Excluded uses are described below.
### Misuse, Malicious Use, and Out-of-Scope Use
_Note: This section is originally taken from the [DALLE-MINI model card](https://huggingface.co/dalle-mini/dalle-mini), was used for Stable Diffusion v1, but applies in the same way to Stable Diffusion v2_.
The model should not be used to intentionally create or disseminate images that create hostile or alienating environments for people. This includes generating images that people would foreseeably find disturbing, distressing, or offensive; or content that propagates historical or current stereotypes.
#### Out-of-Scope Use
The model was not trained to be factual or true representations of people or events, and therefore using the model to generate such content is out-of-scope for the abilities of this model.
#### Misuse and Malicious Use
Using the model to generate content that is cruel to individuals is a misuse of this model. This includes, but is not limited to:
- Generating demeaning, dehumanizing, or otherwise harmful representations of people or their environments, cultures, religions, etc.

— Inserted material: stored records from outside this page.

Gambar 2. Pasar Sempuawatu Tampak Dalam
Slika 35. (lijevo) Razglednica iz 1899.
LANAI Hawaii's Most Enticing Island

- Intentionally promoting or propagating discriminatory content or harmful stereotypes.
- Impersonating individuals without their consent.

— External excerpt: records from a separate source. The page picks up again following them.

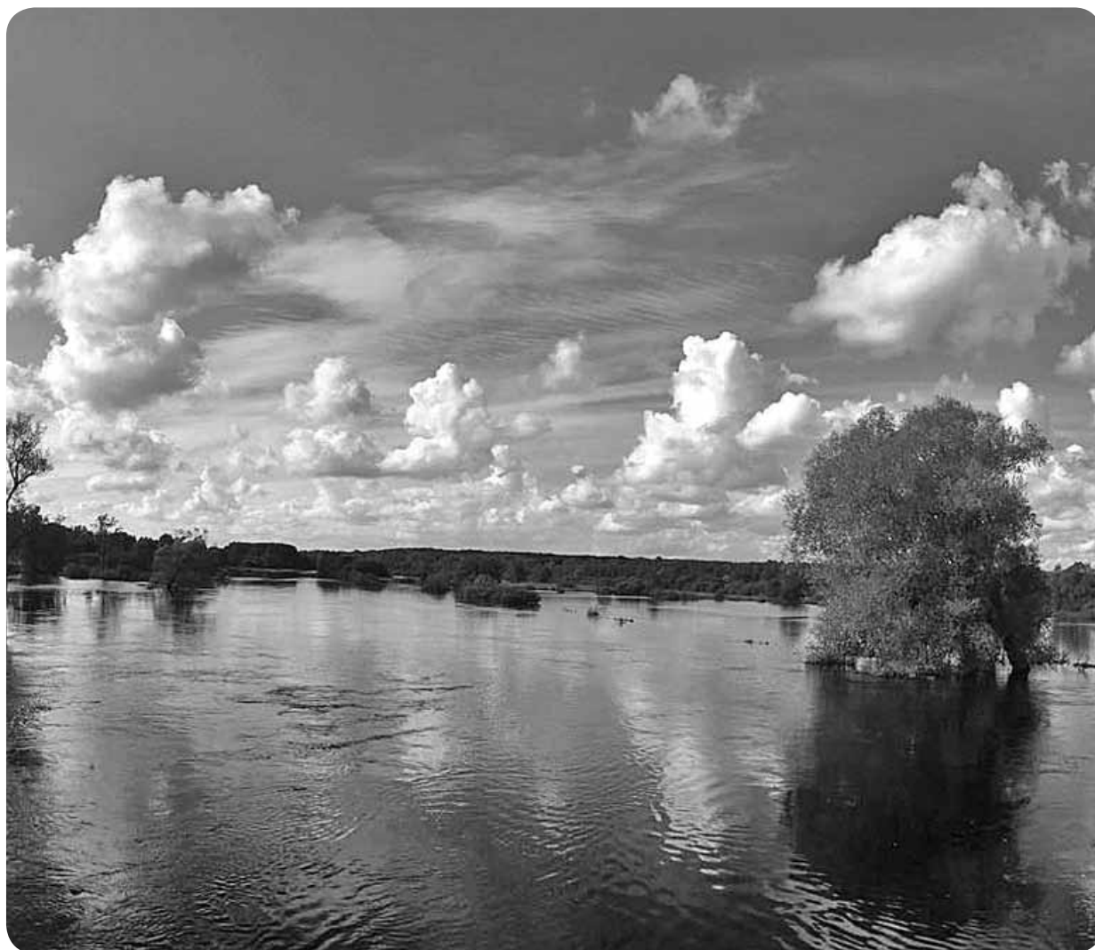
Vasaras izskaņā pēc ilgstošām lietavām dabas varenība radīja neatkārtojamu gleznu – Aiviekstes upes robežas un līmenis cēlās plašumā pa dienām, radot iespaidu, ka Aiviekste pārvēršas par ezeru.
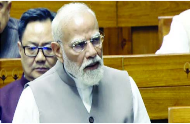
అంతేకాకుండా దేశీయ ఉత్పత్తిని కూడా పెంచుతున్నామని వెల్లడించారు.

పశ్చిమాసియాలో కొనసాగుతున్న యుద్ధ పరిస్థితులు ప్రపంచవ్యాప్తంగా ఆందోళన కలిగిస్తున్నాయని ప్రధానమంత్రి నరేంద్ర మోదీ పేర్కొన్నారు. ఆ సంక్షోభం ప్రపంచ ఆర్థిక వ్యవస్థపై మాత్రమే కాకుండా ప్రజల జీవన విధానంపై కూడా తీవ్ర ప్రభావం చూపుతోందని ఆయన అన్నారు. సోమవారం లోక్సభలో ఆ అంశంపై మాట్లాడిన ప్రధాని, పరిస్థితులు ఆందోళనకరంగా ఉన్నాయని స్పష్టం చేశారు. అమెరికా-ఇజ్రాయెల్-ఇరాన్ మధ్య ఉద్రిక్తతలు కొనసాగుతున్న నేపథ్యంలో ఆ యుద్ధం నాలుగో వారంలోకి ప్రవేశించింది. దీని ప్రభావం భారత్పై కూడా పలు రంగాల్లో కనిపిస్తుందని మోదీ చెప్పారు. ముఖ్యంగా ఆర్థిక, భద్రతా, మానవతా కోణాల్లో సహజ ఎదురవుతున్నాయని వివరించారు. భారత్కు అవసరమైన ముడి చమురు, సహజ వాయువు (గ్యాస్)లో పెద్ద భాగం పశ్చిమాసియా దేశాల నుంచే వస్తుంది ప్రధాని గుర్తు చేశారు. ఆ ప్రాంతం ఇతర దేశాలతో వాణిజ్యానికి కీలక మార్గంగా కూడా పనిచేస్తుందని చెప్పారు. అందువల్ల అక్కడే పరిస్థితులు దిగుమతులు, ఎగుమతులు, సముద్ర మార్గ రవాణాపై ప్రభావం చూపుతున్నాయని వివరించారు. హర్యాణ్ జలసంధి ద్వారా భారత్కు భారీ స్టాయిలో చమురు, గ్యాస్, ఎరువులు వంటి కీలక వస్తువులు రవాణా అవుతున్నాయని తెలిపారు. అయితే యుద్ధ పరిస్థితుల వల్ల ఆ మార్గంలో నౌకల రాకపోకలు కష్టతరంగా మారాయని అన్నారు. అయినప్పటికీ కేంద్ర ప్రభుత్వం ముందస్తు చర్యలు తీసుకుని పెట్రోల్, డీజిల్, గ్యాస్ సరఫరా అంతరాయం కలగకుండా చూసినందుకు మోదీ స్పష్టం చేశారు. దేశంలో ఎలీవీజీ వినియోగం ఎక్కువగా దిగుమతులపై ఆధారపడి ఉందని ఆయన తెలిపారు. సుమారు 60 శాతం ఎలీవీజీ అవసరాలు దిగుమతుల ద్వారానే నెరవేరుతున్నాయని చెప్పారు. ప్రస్తుత పరిస్థితుల్లో దేశీయ వినియోగదారులకు ప్రాధాన్యం ఇచ్చేలా చర్యలు తీసుకుంటున్నామని,
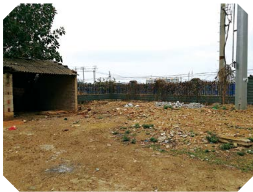
吴圩镇第二卫生院总平建设前
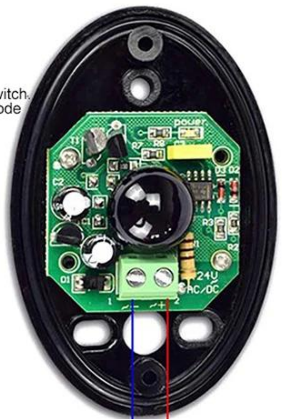
Infrared light projector
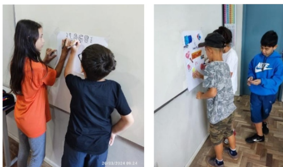
Imagem 1 e 2 : Confeção de cartazes com recortes de logos encontrados.

A partir do segundo mês de ações, foi estudado o que são logomarcas e sua importância na sociedade. Durante as aulas, os alunos assistiram vídeos explicativos, realizaram atividades de identificação de logos, fizeram pesquisa e confeccionaram cartazes, bem como exploraram alguns jogos relacionados ao tema.
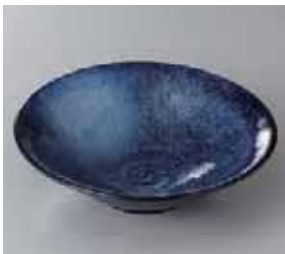
51-7-33G 620円 雲海5.5平鉢 17.5×5cm
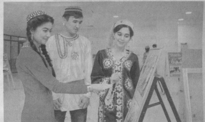
Наша страна стала родным домом для людей разных национальностей и народностей.

При национально-культурных центрах работают кружки по изучению родного языка, воскресные школы, в которых не только дети и молодежь, но и взрослые изучают родной язык, приобщаются к национальной
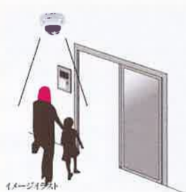
サイクルエントランス
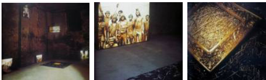
Imágenes 26, 27 y 28. Alfredo Jaar. Gold in the morning , 1986.

En el mismo año Jaar presentó para la Bienal de Arte número 42 de Venecia 'Gold in the morning', una instalación de cajas de luz con fotografías en transparencias de los mineros, junto a marcos y clavos dorados que aluden al oro. En ambas obras el contexto internacional de su presentación insertaba su sentido en los flujos del arte y la economía mundial.

- Sexual content without consent of the people who might see it.
- Mis- and disinformation
- Representations of egregious violence and gore
- Sharing of copyrighted or licensed material in violation of its terms of use.
- Sharing content that is an alteration of copyrighted or licensed material in violation of its terms of use.
## Limitations and Bias
### Limitations
- The model does not achieve perfect photorealism
- The model cannot render legible text
- The model does not perform well on more difficult tasks which involve compositionality, such as rendering an image corresponding to “A red cube on top of a blue sphere”

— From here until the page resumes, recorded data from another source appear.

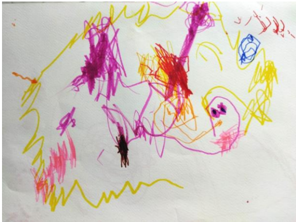
Slika 4. Crtež – flomaster (dječak, 3 godine)

Pojava slučajnog crteža pomaže u razvoju kontroliranih pokreta olovke koji se počinju javljati tek oko treće godine djeteta. Oko treće godine djeca počinju imenovati svoje crteže koji se još uvijek čine kao neuređen skup jednostavnih linija i simbola, ali počinju se nazirati tragovi ideje. (Belamarić, 1987) Imenovanje svojih likovnih djela važno je za razvoj mišljenja kod djeteta. Crtež uglavnom započinje spontano, no spontano nastale linije i oblici daju ideju djetetu za razvoj novog likovnog uratka.
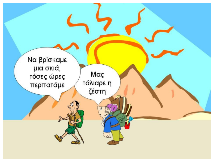
Σχήμα 5. Διάλογος με ιδιοματική γλώσσα
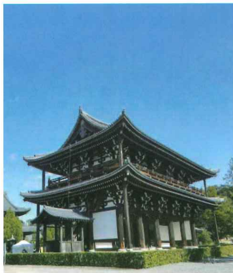
東福寺(京都市東山区)
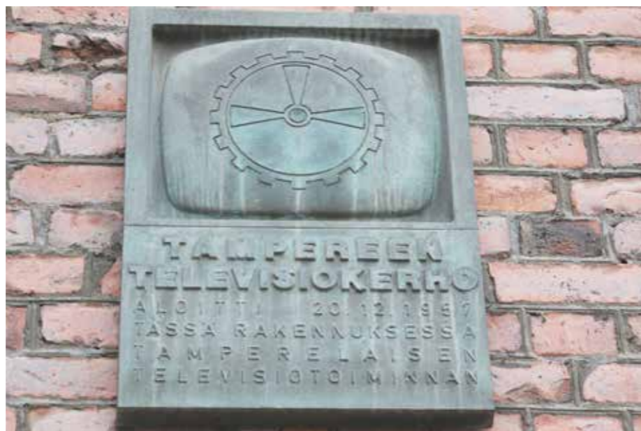
Ensimmäiset TV-lähetykset saivat alkunsa Frenckellin tiloissa. Kuva-aihe tulee tuon ajan virityskuvasta.

Tämän ensimmäisen inventointiprojektin jälkeen Pirkanmaan maakuntamuseo sai vielä haltuunsa Erkki J. Kivisen inventointimateriaalin mikä käsitti tiedot Tampereella sijainneista sotamuistomerkeistä. Tässä yhteydessä tallennettiin harjoittelijatyönä myös pro patria -tauluja, vuoden 1918 muistomerkkejä ja hautausmailla sijainneita muistomerkkejä sekä täydennettiin aikaisemman inventoinnin yhteydessä saatuja tietoja. Viimeisin vaihe Pirkanmaan maakuntamuseon muistomerkkien tallennustyössä on ollut Tampereen taidemuseon tekemän Tampereen muistolaatat ja muut muistomerkit-sivuston tietojen vienti Siiri-tietojärjestelmään ja muistomerkkien valokuvaaminen. Tämän tallennusprojektin yhteydessä tallennettiin myös muita kuin
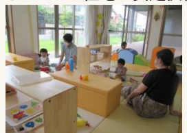
子育てしやすい住宅環境の整備
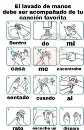
Imagen 34. «Todxs contra el Corona virus» 112

Nota: Tomado de Chocoturca posteo vol. 1, 15 de marzo de 2020. El título se tomó de la descripción de la publicación.
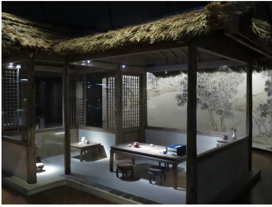
【故宮南院_明朝文人品茗茶屋】
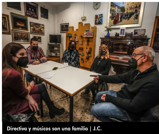
Directiva y músicos son una familia
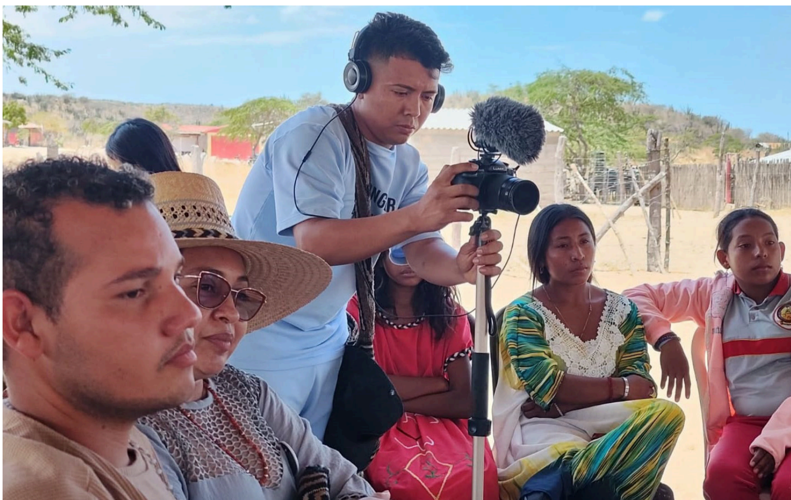
La producción eleva la voz del pueblo wayuú y reafirma su llamado a una transición energética con justicia.

La ceremonia de premiación se llevará a cabo de manera virtual a finales del mes de noviembre de 2025, donde se entregarán los reconocimientos a los ganadores de Ecuador, Colombia y México.
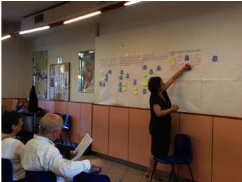
Report incontro Associazioni

L'area parco è ricca di realtà e attività importanti radicate sul territorio come: il vivaio Belfiore, la Coop. Legnaia, il Parco di Poggio Valicaia, l'azienda agricola biologica Fattoria di San Michele a Torri, la Villa
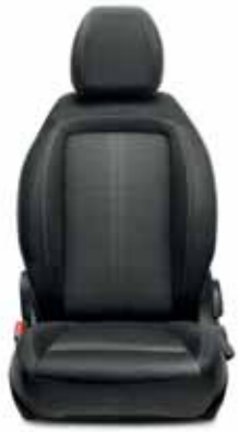
EASY Siyah-Spor Dikişli Fitilli Örgü Kumaş
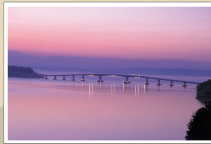
和倉温泉と能登島を結ぶ能登島大橋
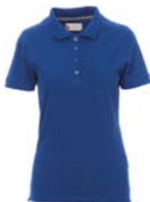
Blu Royal 022
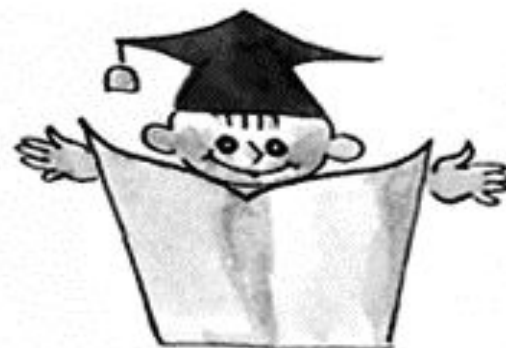
Спросить у специалиста
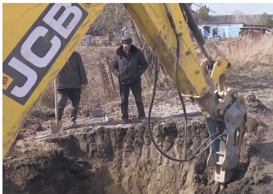
НА ФОТО: В ЗАМОРОЖЕННЫХ ТРУБАХ ДО СИХ ПОР НЕТ ВОДЫ

Почему решение обычной для коммунальщиков проблемы в данном случае растянулось вместо нескольких
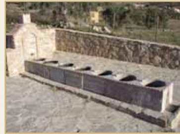
Nueva Fuente de la Torre

El sendero transcurre en los límites del Paraje Natural de El Torcal de Antequera, concretamente por el Torcal Bajo, zona que presenta menor atractivo en sus formaciones paisajísticas que el Torcal Alto, pero que nos muestra otros aspectos de gran interés, destacando el aprovechamiento humano que se ha realizado de esta zona a lo largo de la historia.
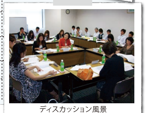
ディスカッション風景
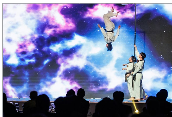
Выступление команды по тэквондо университета Донг-А

- Faces and people in general may not be generated properly.
- The model was trained mainly with English captions and will not work as well in other languages.
- The autoencoding part of the model is lossy
- The model was trained on a subset of the large-scale dataset
[LAION-5B](https://laion.ai/blog/laion-5b/), which contains adult, violent and sexual content. To partially mitigate this, we have filtered the dataset using LAION's NFSW detector (see Training section).
### Bias
While the capabilities of image generation models are impressive, they can also reinforce or exacerbate social biases.
Stable Diffusion vw was primarily trained on subsets of [LAION-2B(en)](https://laion.ai/blog/laion-5b/),
which consists of images that are limited to English descriptions.
Texts and images from communities and cultures that use other languages are likely to be insufficiently accounted for.
This affects the overall output of the model, as white and western cultures are often set as the default. Further, the
ability of the model to generate content with non-English prompts is significantly worse than with English-language prompts.
Stable Diffusion v2 mirrors and exacerbates biases to such a degree that viewer discretion must be advised irrespective of the input or its intent.
## Training
**Training Data**
The model developers used the following dataset for training the model:
- LAION-5B and subsets (details below). The training data is further filtered using LAION's NSFW detector, with a "p_unsafe" score of 0.1 (conservative). For more details, please refer to LAION-5B's [NeurIPS 2022](https://openreview.net/forum?id=M3Y74vmsMcY) paper and reviewer discussions on the topic.
**Training Procedure**
Stable Diffusion v2 is a latent diffusion model which combines an autoencoder with a diffusion model that is trained in the latent space of the autoencoder. During training,
- Images are encoded through an encoder, which turns images into latent representations. The autoencoder uses a relative downsampling factor of 8 and maps images of shape H x W x 3 to latents of shape H/f x W/f x 4
- Text prompts are encoded through the OpenCLIP-ViT/H text-encoder.
- The output of the text encoder is fed into the UNet backbone of the latent diffusion model via cross-attention.
- The loss is a reconstruction objective between the noise that was added to the latent and the prediction made by the UNet. We also use the so-called _v-objective_, see https://arxiv.org/abs/2202.00512.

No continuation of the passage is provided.